▶ What you will do: Return exactly the lines from the one containing "7月10日,一名奇石收藏者在" through the end of the material below, and leave the images out.

▶ Information provided:
========

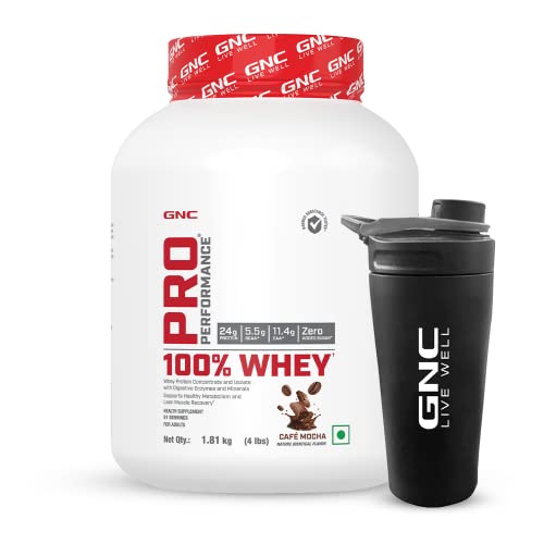 GNC Pro Performance 100% Whey Protein Powder & Steel Shaker (Café Mocha, 4 lbs with Shaker)
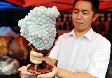7月10日,一名奇石收藏者在展示葡萄瑪瑙石。 當(dāng)日,第七屆中國(guó)·銀川賞石旅游節(jié)在銀川文化城開幕。來自內(nèi)蒙古、山東等地的眾多奇石收藏者展出上萬件材質(zhì)、形狀各異的奇石,讓參觀者大開眼界。
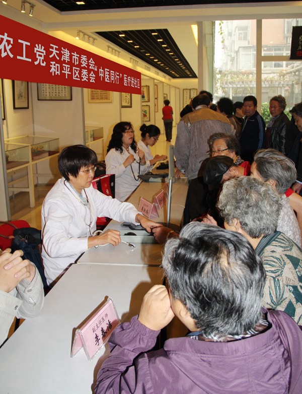 2014年10月25日,农工党天津市委会与和平区委会在庆友西里社区,联合举办“中医同行”医疗咨询进社区暨中医养生知识讲座活动。
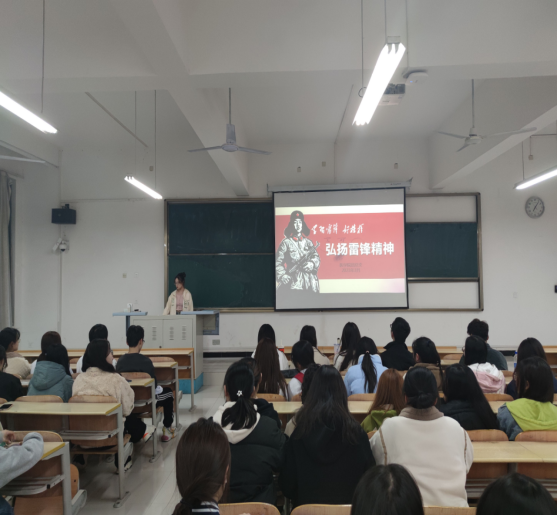 郭雯从雷锋精神的性质、具体内容、时代内涵、重要意义以及学习《习近平总书记在“把雷锋精神代代传承下去——纪念毛泽东等老一辈革命家为雷锋同志题词六十周年”座谈会上的重要讲话精神》五个方面对雷锋精神展开讲解。她指出广大团员青年要把学雷锋做为增强共青团员先进性的实践载体,同学们要弘扬共产主义道德,在服务同学、奉献社会中展现先进风貌。她强调成长于承平日久、顺风顺水和平年代的青年,更要葆有敢于斗争、善于斗争的硬本领,彰显“不怕牺牲,英勇奋斗”的雷锋精神。同学们纷纷表示,今后会继续投身于各项志愿服务,牢记“空谈误国,实干兴邦”,用实打实的行动为中国式现代化添砖加瓦。

========

▶ Response area:
7月10日,一名奇石收藏者在展示葡萄瑪瑙石。 當(dāng)日,第七屆中國(guó)·銀川賞石旅游節(jié)在銀川文化城開幕。來自內(nèi)蒙古、山東等地的眾多奇石收藏者展出上萬件材質(zhì)、形狀各異的奇石,讓參觀者大開眼界。
 2014年10月25日,农工党天津市委会与和平区委会在庆友西里社区,联合举办“中医同行”医疗咨询进社区暨中医养生知识讲座活动。
 郭雯从雷锋精神的性质、具体内容、时代内涵、重要意义以及学习《习近平总书记在“把雷锋精神代代传承下去——纪念毛泽东等老一辈革命家为雷锋同志题词六十周年”座谈会上的重要讲话精神》五个方面对雷锋精神展开讲解。她指出广大团员青年要把学雷锋做为增强共青团员先进性的实践载体,同学们要弘扬共产主义道德,在服务同学、奉献社会中展现先进风貌。她强调成长于承平日久、顺风顺水和平年代的青年,更要葆有敢于斗争、善于斗争的硬本领,彰显“不怕牺牲,英勇奋斗”的雷锋精神。同学们纷纷表示,今后会继续投身于各项志愿服务,牢记“空谈误国,实干兴邦”,用实打实的行动为中国式现代化添砖加瓦。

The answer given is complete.